Сердце бабушки Хо перестало биться, и сердце инспектора Тяня окаменело внутри сердца бабушки Хо. Ведь он слушал историю своих собственных родителей.

– Жену звали Луиза, – продолжал Стожилкович, – но все звали ее Луиза-Тонкинка. Короткого срока учительской службы в Тонкине ей хватило на то, чтобы понять: хватит ломать колониальную комедию. Она вернулась домой, ведя за ручку крошечного тонкинского мужа, и вдвоем они выкупили винный погребок Луизиного отца. Она родилась в винной лавке, значит, там ей и жить! Верно, такова была ее удивительная судьба. И она стала самой милосердной торговкой вином на свете. Просто находка для нищих студентов и прочих пасынков большой Истории – то бишь для нас, югославов… «У Луизы и Тяня», девочки, мы находили приют, не имея ни гроша, – рай, когда думали, что потеряли душу, и милую родину, когда чувствовали себя бездомными скитальцами. А когда послевоенное время сотрясало наши бедные головы, когда мы и вправду не могли понять, то ли мы сегодняшние мирные студенты, то ли вчерашние героические убийцы, тогда старший Тянь, муж Луизы, Тянь из Монкая (уроженцем которого он был) брал нас за руку и уводил к миражам своей задней лавки. Он укладывал нас на циновки, бережно, как больных детей, которыми мы, в сущности, и были, протягивал нам длинные кальяны и скатывал пальцами маленькие опиумные шарики, в потрескивании которых мы вскоре обретали то, чего не давало даже красное вино.

– И вдруг я их разом вспомнил, сынок, вспомнил эту команду югославов, ходивших к моим предкам сразу после войны. Этот Стожилкович был одним из них, да, я узнал его, как будто видел вчера, а ведь сорок лет прошло! Его дьяконский бас… манера говорить со всякими выкрутасами… вообще-то он ни капли не изменился… Стожилкович, Стамбак, Миложевич… Вот как их звали… Мать кормила и поила их задарма, это точно. Конечно, у них не было ни копейки. А иногда отец усыплял их с помощью опиума… Мне, помнится, это было не особенно по душе.

– Они сражались с нацистами, – говорила мать, – они победили власовцев, а теперь вдобавок им надо следить за русскими, ты не считаешь, что они заслужили время от времени трубочку опиума?

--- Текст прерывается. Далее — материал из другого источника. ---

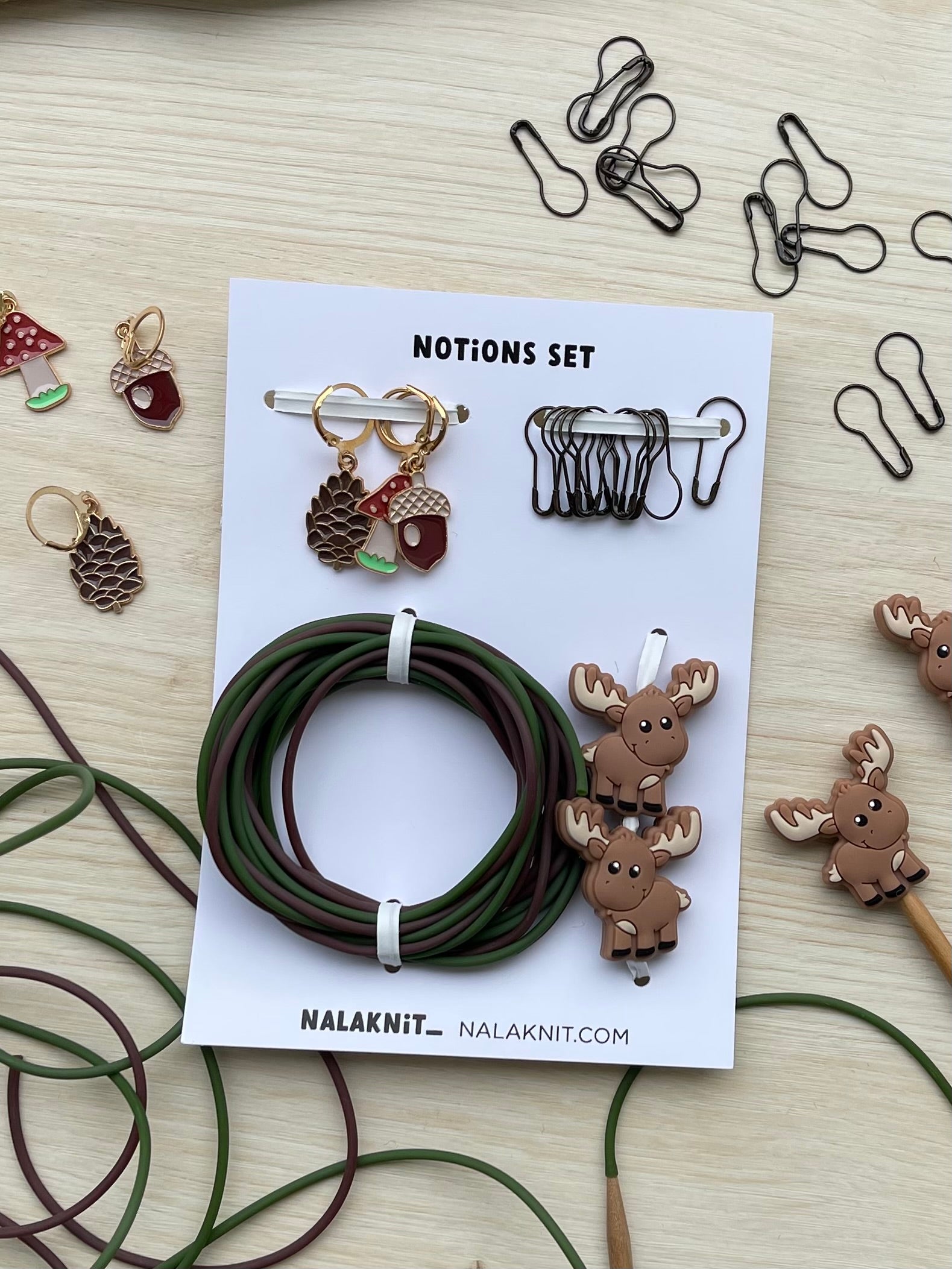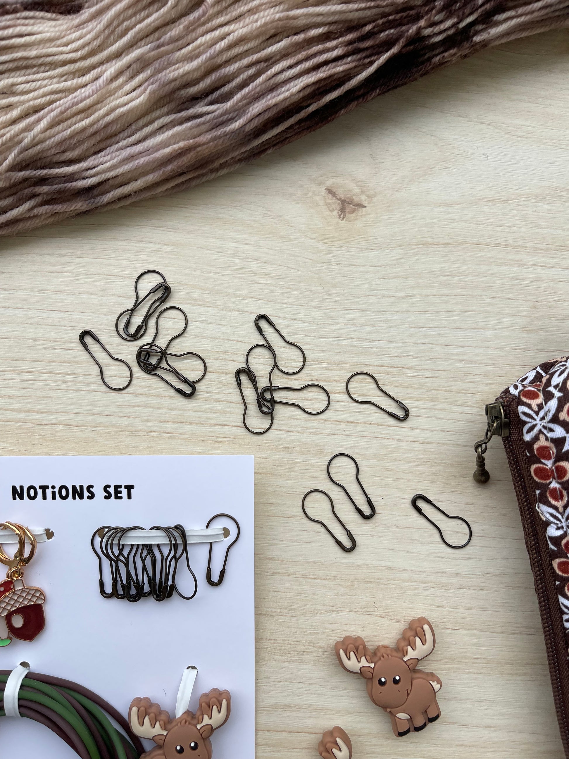 INHALT SET: Maschenhalter (2 x 2m), Nadelstopper (2 stk.), Maschenmarkierer (3 stk.), Metall-Maschenmarkierer (10 stk.),
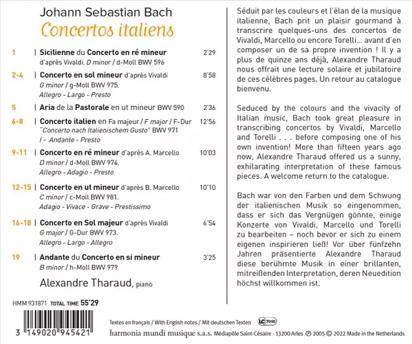 | Artist | Johann Sebastian Bach | Alexandre Tharaud |
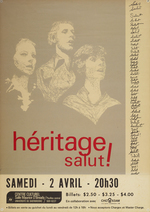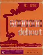 Notes :AFFICHE DU 6E CONCERT DU CHOEUR HERITAGE PRESENTE A LA SALLE MAURICE O'BREADY DE L'UNIVERSITE DE SHERBROOKE (2 AVRIL 1977). LA COPIE NE DONNE AUCUN RENSEIGNEMENT CONCERNANT LIEU, DATE, HEURE ET PRIX, ET LA COLONNE "SALUT" N'APPARAIT PAS.
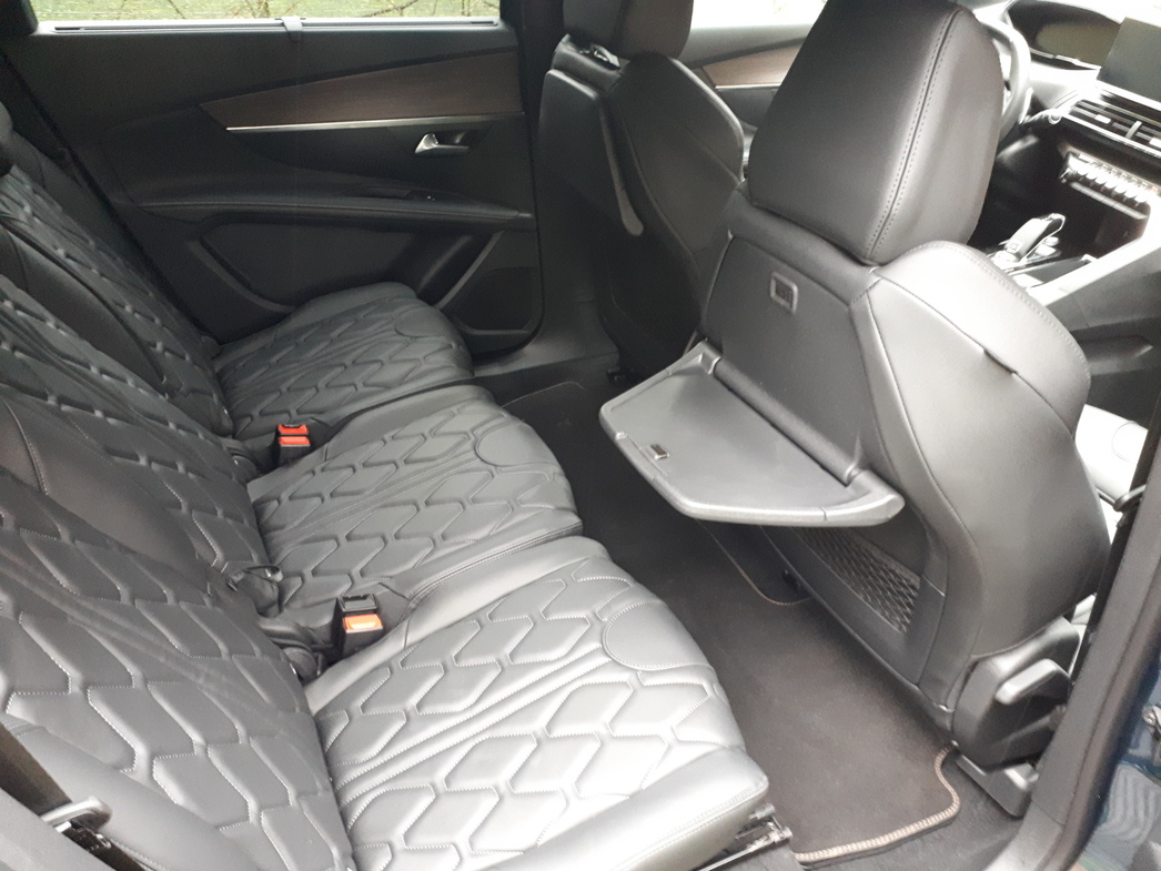 В моем «Пежо» кресла отделаны кожей с ромбовидным рисунком. Выглядит симпатично, да и к профилю кресла нет претензий. Здесь есть электрорегулировка поясничного подпора и даже функция массажа. А еще у кроссовера по умолчанию теперь три ряда кресел. Напомню, что раньше третий ряд был опцией.
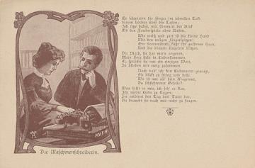 Illustrierte Postkarte; Grafik, monochrom Rückseite: Vorgesetzter und Sekretärin mit Schreibmaschine, Darstellung umrahmt; daneben romantischer Text in Versform Vorderseite: beschrieben; adressiert an Fräulein Schumann
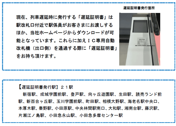 主要な駅では、自動で遅延証明書を発行できる機械が設置されている場合があります。
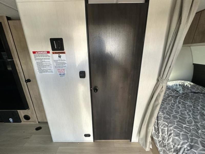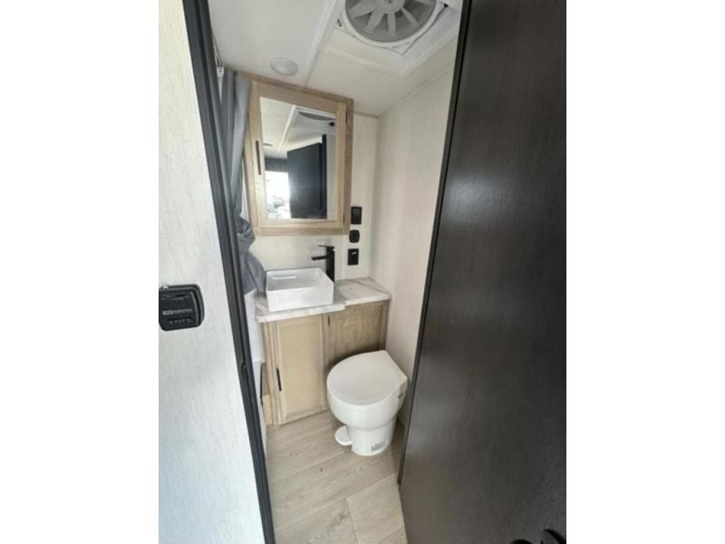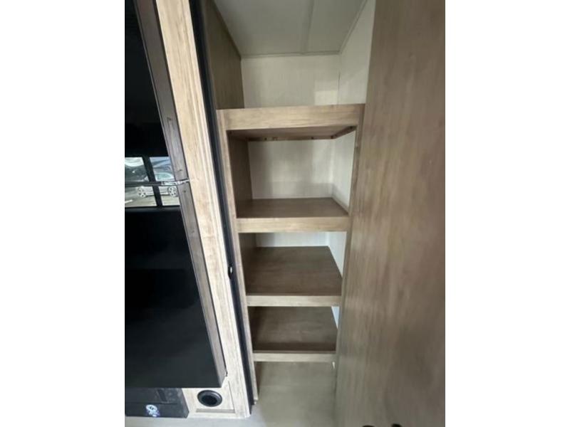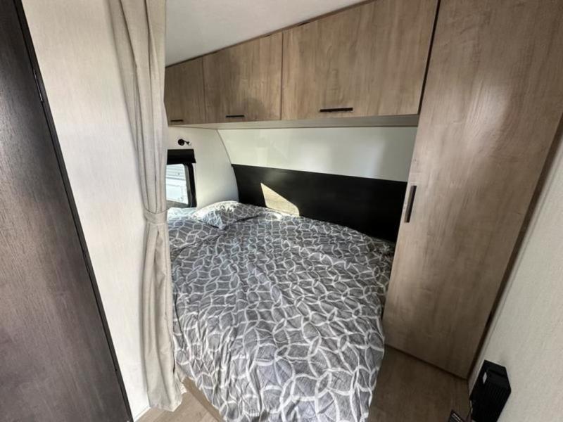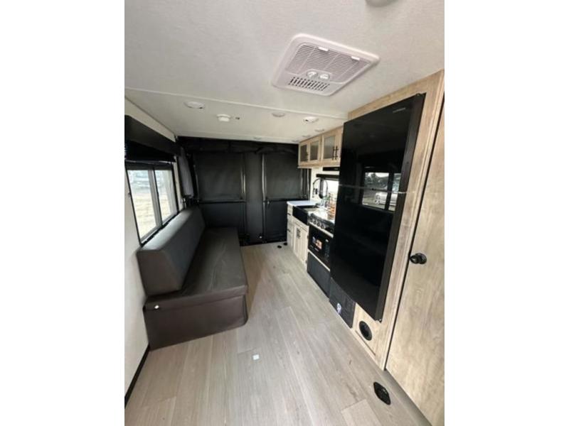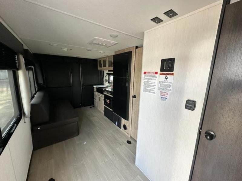 You will undoubtedly love this Cherokee Grey Wolf Black Label toy hauler! Because of its ability to have up to 15' 2" of cargo space, you can easily load up the ramp door and head out to your outdoor toy land, and you can bring much more than just your toys since this trailer also comes with exterior storage, a bedside wardrobe, overhead cabinets, a refrigerator, and a kitchen pantry. The full bathroom is another feature that is going to allow you to experience a true getaway since you won't need to find public facilities to use while you're gone, and the USB charging stations will allow you to charge your phone inside while you're outside playing.

А надо тебе сказать, что я уже в то время был ментом, совсем еще зеленым велопатрульным, и эта задняя лавка меня, в общем-то, беспокоила. О ней уже ходили слухи, и посещали ее отборные ребята. Чтоб никого не смущать, я, не доходя до дома, снимал полицейскую форму. Скатывал ее – и в сумку, а домой заявлялся в рабочей спецовке, с велосипедом под ручку, будто иду с электролампового завода.

Тянь ностальгически усмехнулся:

– А теперь я работаю под китаянку! Видишь, сынок, с самого начала у меня просто призвание к подпольной работе… Но я не это хотел тебе сказать…

Тянь провел рукой по седеющему ежику. Каждый волосок немедленно распрямился, как пружина.

– Память, сынок… одно воспоминание тащит за собой другое… как воображение, только задом наперед… сплошная дурь.

Теперь уже Пастор полностью присутствовал при разговоре.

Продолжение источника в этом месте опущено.